Issue ID: 01
The essay will address the history of West German Jewry using the concept of guilt as its guiding theme. Jews in West Germany had a bad conscience on account of living in the “land of the murderers.” This bad conscience not only distinguished them from other Jewish communities, it also explains much of what characterized West German Jewry from 1945 to 1989: its particular economic structure; its especially close ties to Israel; its preoccupation with democratization; its power arrangements; and its communal life. The essay will address these issues, and trace a development that led from a close-knit, ideologically homogeneous group to one that became ever more pluralistic in the 1970s and 1980s.
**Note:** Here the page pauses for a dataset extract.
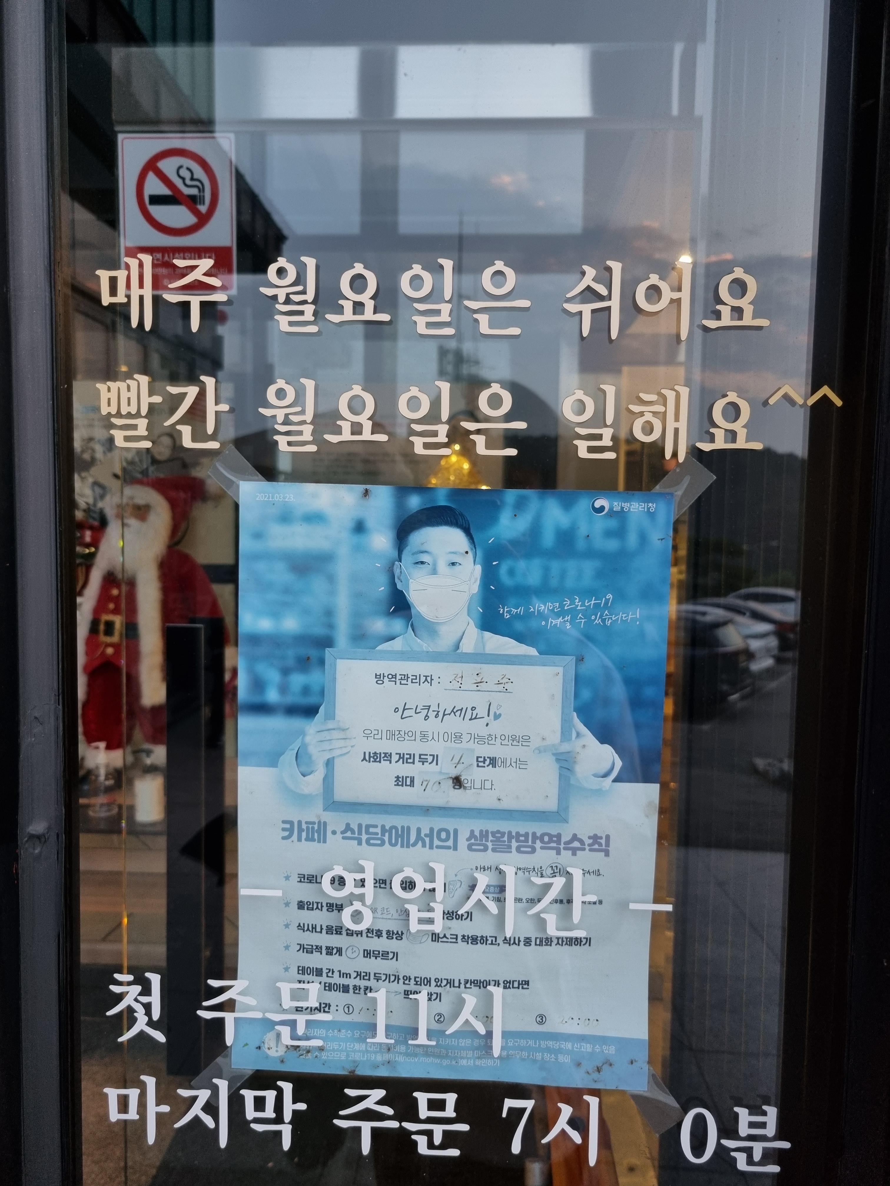 매 주 월요일은 휴무이지만 해당 일이 공휴일로 빨간 날이라면 영업을 하신다고 합니다.

The emergence of a seemingly harmonic symbiosis between Hungarian majority and Jewish minority in 19th century Hungary was a unique phenomenon in a European country where the proportion of Jews was close to 5 percent of the total population, and about 20 percent of the capital city, Budapest. However, after the shocking experience of the persecution in 1944 it was to expect that the factor –unlimited readiness for assimilation in the belief of the unlimited readiness of the majority for accepting it- that made the uniqueness of the Hungarian Jewry will cease to exist. Since quite a large group of the Hungarian Jews survived the Shoah it was not purely a theoretical question that what sort of identity strategies would emerge among the Jewish population of the country. How did the Jews react to the dramatic political changes that occurred in the decades following the Shoah, what kind of identity strategies they developed in the search for their place in the post-war Hungarian society? After a historical introduction the article discusses the changing socio-demographic and socio-economic characteristics of the post-war Hungarian Jews, Jewish politics in the decades of communist rule and finally the identity problems emerged in the post-war decades.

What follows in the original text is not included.